Trek has released new 2015 bikes today. A Domane with Disc's and a ladies Silque road bike. Also hear a new road frame, that is going to be superlight, is coming out this month. New platform. Go to your Trek dealer to check them out!

Info on the Silque:
*What is Silque? *
Silque is an all-new OCLV carbon women’s road bike, designed from the ground up to be the absolute best carbon road bike for women.
*Who should buy this bike?*
Silque is designed for any woman who loves to ride: racers, fun seekers, adventurers, and everyone in between. It features OCLV Carbon construction, WSD ride-tuned frame shapes, Tubeless Ready wheels, WSD specific geometry, flawless shifting, and the smoothest ride available. There simply is no better ride than Silque.
*What’s this about the WSD ride-tuned tube shapes?* 
Let’s face it: women and men are built differently. After a full study with Carmichael Training Systems, we designed the Silque frame tubes to the suit the body mass and power output of women, and then further tuned these shapes specifically by frame size. The result is a frame with unparalleled ride quality and maximum compliance for women of all sizes. Furthermore, thanks to the smaller and lighter tube shapes, we were able to shave some weight when compared to the Domane WSD frames—a staggering 120 grams on average!
*What is Carmichael Training Systems (CTS), and what did we learn?*
CTS is the premier destination for coaching, training camps, and performance testing. With their help, we conducted a comprehensive study that compared training data between men and women all over the world. We found that men and women who ride the same size bikes, on average, had notably different power outputs and different body masses. Using exact measurements, we were able to design Silque specifically for women by taking material out for a substantially lighter and better-riding machine.
*Is the frame design on Silque really size-specific?*
Yes! Thanks to the training data in collaboration with CTS, we engineered a size-specific frame design, tuned for the intended rider’s power output and weight to provide the perfect balance of smoothness and power. How do we know it worked? Over the past two years we've tested Silque against the top competitors in the industry. Results: Silque reigns supreme. Domane WSD comes in second—and the rest can’t even compare.
*What is the IsoSpeed Decoupler? *
Rough roads are simply no match for IsoSpeed technology. Our innovative decoupler isolates the seat tube from the rest of the frame, ultimately doubling vertical compliance compared to the next closest competitor—so you ride stronger, longer. With Silque, we've taken this successful and proven technology and refined it for women riders.
*Does Silque feature new geometry?*
Absolutely. Feedback of women around the world tells us that the Domane WSD endurance geometry is a big hit, but we wanted to improve on it for this new platform. Compared to the previous endurance geometry, the new WSD Geometry has less BB drop, shorter chainstays, shorter wheelbase, less offset and greater trail on the fork. What does all this mean? Months of rider testing confirms that the all-new Silque offers the rider quicker and sharper handling than the Domane WSD, yet puts sets their posture for greater shoulder and neck comfort.

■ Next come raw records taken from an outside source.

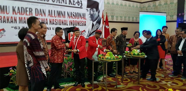 Tumpengan GMNI: Rangkaian puncak kegiatan Dies Natalies ke- 63, Gerakan Mahasiswa Nasional Indonesia (GMNI) berlangsung semarak dihadiri temu alumni di Hotel Cempaka, Kamis (23/3) malam. Nampak, Ketua Presidium GMNI Chrisman Damanik tengah menyerahkan potongan tumpeng pada tokoh senior Hasto Kristiyanto yang juga Sekjen PDI Perjuangan.
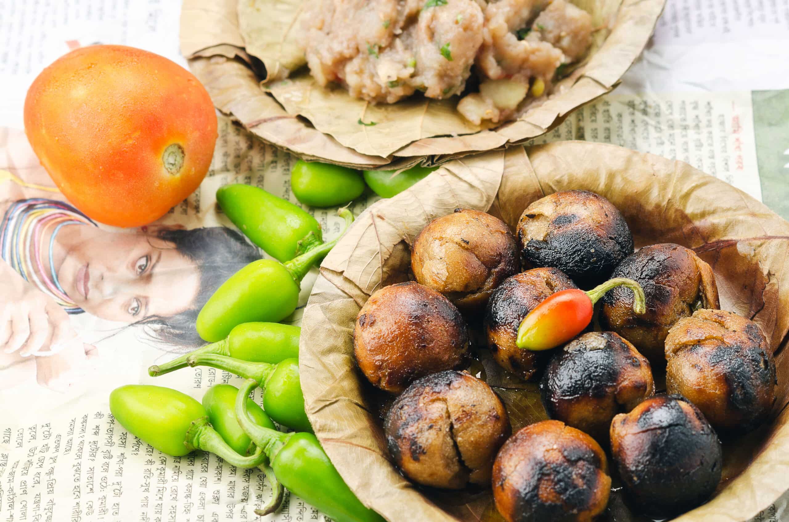 For chokha, mash roasted eggplant, tomato, and potato with spices and oil; serve hot with litti.
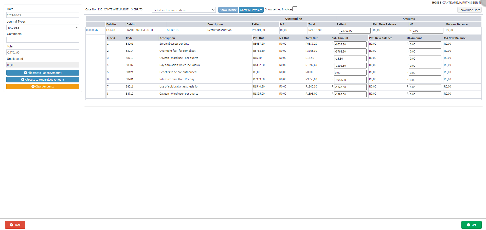 Journals are done to modify a Patient's account by either adding or removing amounts due to a specific reason by assigning these amounts to specific income or expenditure ledger accounts. It serves as a record for various transactions related to Invoices, and should only be used for the following purposes:
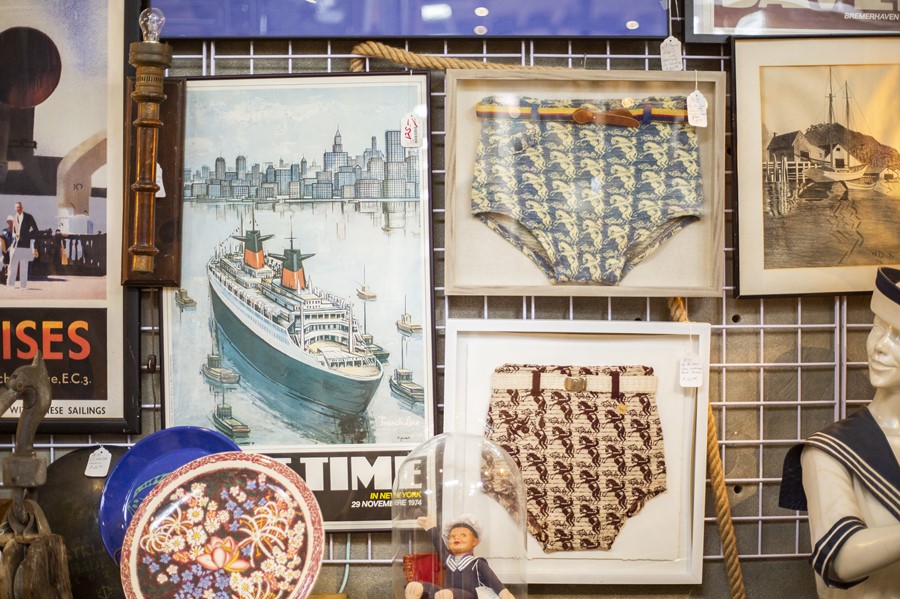 額に飾られている水着は、40年代のウール製の水着。未使用……だよね?
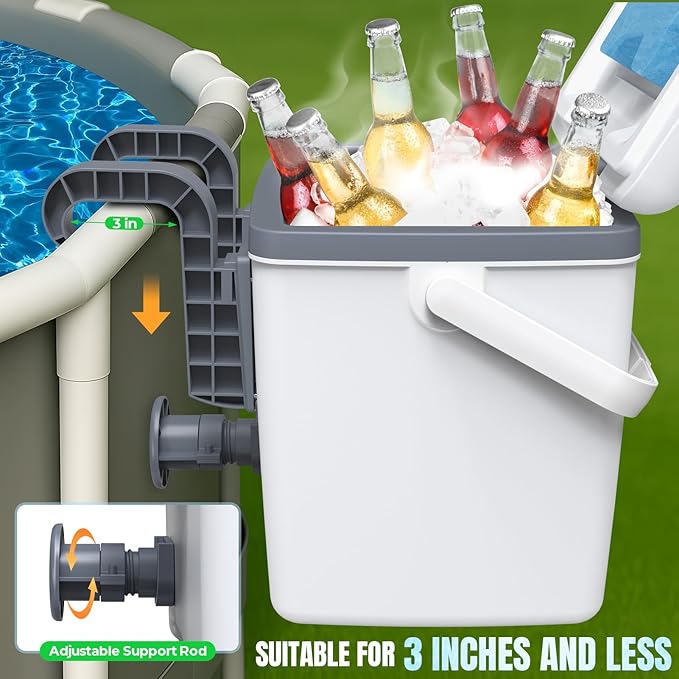 - š§ćConvenient Poolside Cooler & Portableć - This poolside cooler is designed with a 3-inch poolside hook (Tips: The hooks are suitable for Pool liner less than 3 INCHES). The small cooler hard shell for above ground pool accessories can be fixed to above ground pool. To provide easy access to cold beverages, snacks, and refreshments while lounging by the pool. No need to leave the pool area to fetch drinks or snacks. The portable handle allows you to add drinks conveniently and use outdoors.

*What makes Silque the best-shifting bike in its class? *
We start with the drivetrain itself. The entire Silque lineup uses complete Shimano drivetrains, the industry standard for confident and reliable shifting. We integrate an elegant, lightweight 3S chain keeper into the frame to eliminate chain drops. We use internal cable routing for cleaner lines, cleaner running, and smoother shifting. To further minimize cable contamination, we even give Silque a weather-sealed bottom bracket cable guide. It all adds up to a bike that lets you enjoy the ride rather than worry about the shifting.
*Do these bikes really have complete Shimano gruppos? *
They sure do. It’s important to note that from the Silque S model and up, we use complete matching gruppos, down to the brakes, cassette, and even the chain. No other bike in this class offers that.
*What parts of Silque are women’s specific?*
Let’s be clear: Silque is designed from the ground up by women, for women.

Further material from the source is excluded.